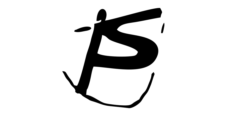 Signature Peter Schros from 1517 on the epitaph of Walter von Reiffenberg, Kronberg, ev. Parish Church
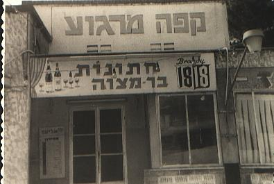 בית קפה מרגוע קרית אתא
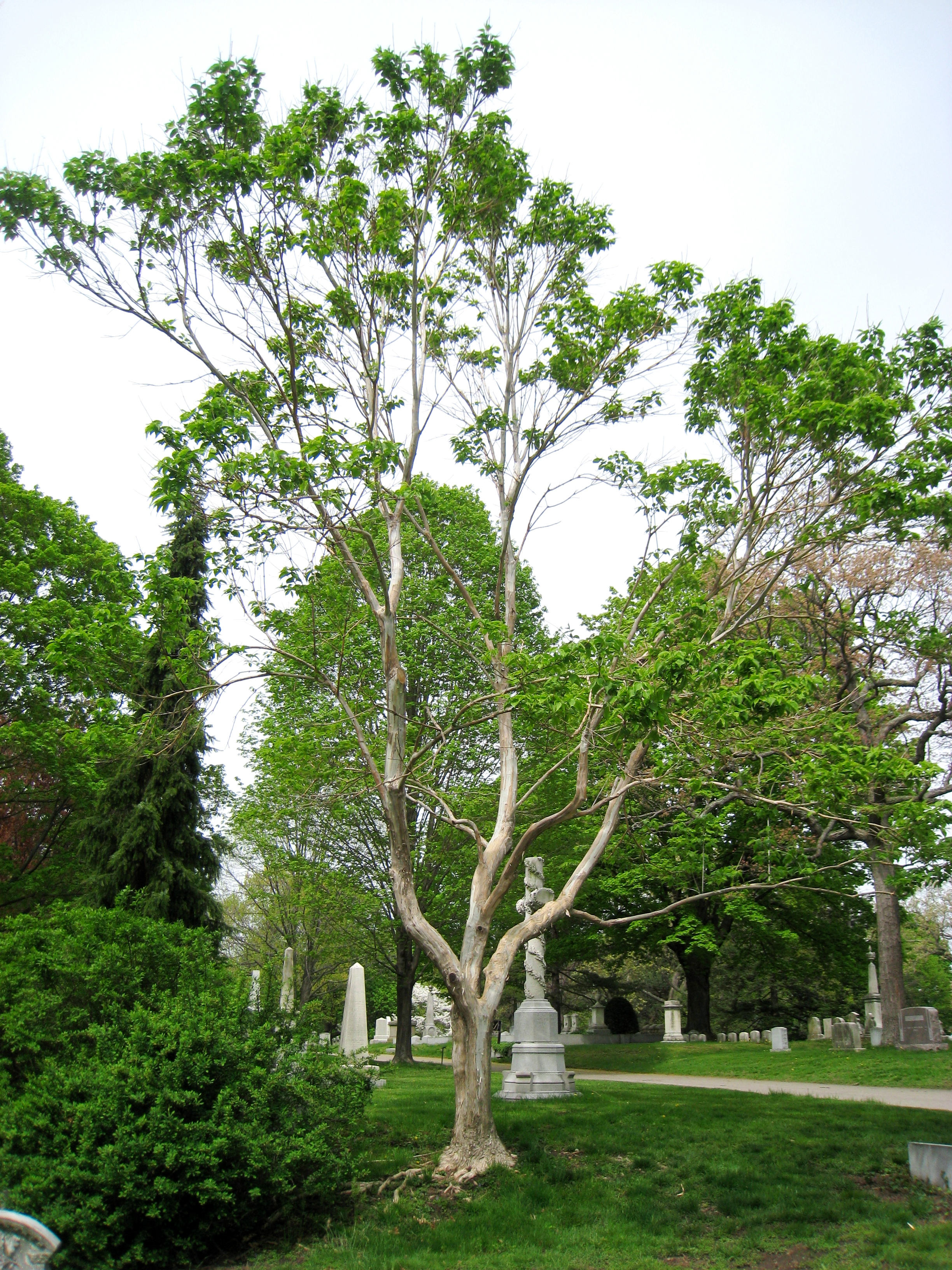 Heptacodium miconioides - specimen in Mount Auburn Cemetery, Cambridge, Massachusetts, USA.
◇ ◇ ◇ ◇ ◇
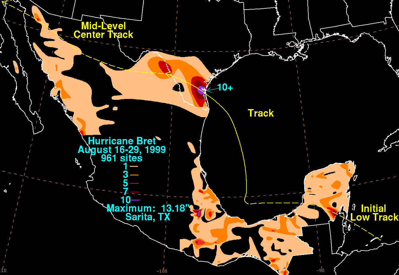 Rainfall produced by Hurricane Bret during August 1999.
◇ ◇ ◇ ◇ ◇
TASK:
Could you write out exactly the lines of the data above that run from the one holding "Signature Peter Schros" to the one holding "Heptacodium miconioides - specimen", with both ends in and all pictures out?

RESPONSE:
 Signature Peter Schros from 1517 on the epitaph of Walter von Reiffenberg, Kronberg, ev. Parish Church
 בית קפה מרגוע קרית אתא
 Heptacodium miconioides - specimen in Mount Auburn Cemetery, Cambridge, Massachusetts, USA.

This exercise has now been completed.